Injury to neuronal processes can be divided functionally and morphologically into three stages. Neurapraxis is the state of loss of function only; axonotmesis is the severance of axons; and neurotmesis is the severance of the entire neuronal fiber, both axon and myelin sheath. In the PNS, degeneration and regeneration occur following interruption of axons. The nerve fiber that is distal to the site of damage disintegrates in 3–4 days, and more slowly the myelin degenerates as ellipsoids and droplets to be phagocytosed. The end plate, or receptor organ, atrophies and disintegrates, and Schwann cells begin proliferation. The nerve fiber proximal to the site of damage disintegrates minimally back toward the cell body, but the cell body shows a reactive change, including central chromatolysis and swelling with margination of the nucleus. Regeneration of several axonal stumps, with budding into proliferated Schwann cell membranes and endoneurial columns, begins within days, with further axonal growth at about 1–4 mm a day. Individual fiber replacement can be complete, but total quantitative nerve function is not. This degenerative and regenerative process was elegantly described in frog glossopharyngeal and hypoglossal nerves after axonotomy in a seminal paper²⁴ by the British physiologist Augustus Volney Waller (1816–1870) at the age of 34 years. The overall pathologic process is referred to as Wallerian or Wallerian‐like degeneration and regeneration, and is now generally applied to injury to both peripheral and central axons due not only to trauma but also to inflammatory, immune‐mediated, and other mechanisms.^25,26

In the CNS, Wallerian‐like degeneration occurs following focal axonal damage, but the regenerative process is markedly curtailed. The mapping of degenerated, distal neuronal fibers following damage is used to help define the site(s) of lesions in the CNS, particularly in the brainstem and spinal cord (see Figure 4.5 for a depiction of spinal cord histologic sectioning that can assist in mapping out the precise site of focal CNS lesions.). Thus, in a pathology report, if degeneration is only described in fibers in sensory (afferent) white matter pathways cranial to C₆, and only in motor (efferent) fibers caudal to C₆, then a focal lesion at C₆ is most likely present. However, if afferent and efferent fiber degeneration is present in the T₁₀ segment, there must be at least one lesion cranial to T₁₀ and one lesion caudal to T₁₀, or diffuse degeneration of neuronal fibers‐QED.

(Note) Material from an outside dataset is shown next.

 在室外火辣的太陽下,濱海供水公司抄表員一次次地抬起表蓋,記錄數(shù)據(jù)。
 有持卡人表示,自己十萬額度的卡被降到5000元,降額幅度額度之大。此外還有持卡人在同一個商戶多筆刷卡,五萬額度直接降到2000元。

With many metabolic, toxic, and nutritional insults, axons may undergo degenerative changes that are often recognized as swelling. Such swollen axons, or spheroids, can be prominent in particular nuclear regions where neuroaxonal dystrophy is occurring. This process is common in some nutritional diseases and intoxications, and in certain hereditary disorders; it also occurs during the aging process.

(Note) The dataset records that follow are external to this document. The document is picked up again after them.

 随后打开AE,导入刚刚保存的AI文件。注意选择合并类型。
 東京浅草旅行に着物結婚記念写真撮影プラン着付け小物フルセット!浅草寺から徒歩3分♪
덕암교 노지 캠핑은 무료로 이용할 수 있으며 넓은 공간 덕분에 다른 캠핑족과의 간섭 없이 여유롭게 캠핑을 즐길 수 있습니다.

Accumulation of pigments containing iron and calcium in and especially around neurons and blood vessels may indicate a previous influx of blood pigments to the area. Such pigmentations occur with aging, along with often spectacular intraneuronal accumulation of lipofuscin: the aging or wear and tear pigment. Accumulation of specific lysosomal products is the hallmark of the inherited lysosomal storage diseases as well as a few intoxications mimicking these enzyme deficiencies.

Axonal swellings (spheroids) and pigment accumulations (mainly lipofuscin) can be prominent in basal nuclear regions, the medulla oblongata, and intermediate zone of spinal gray matter of aged animals. Effete, or worn‐out, cells tend to accumulate at subependymal sites, particularly adjacent to the rostral ventricles. These changes are often accompanied by mineral and iron deposits near vessels in older patients making cautious histopathological interpretation necessary.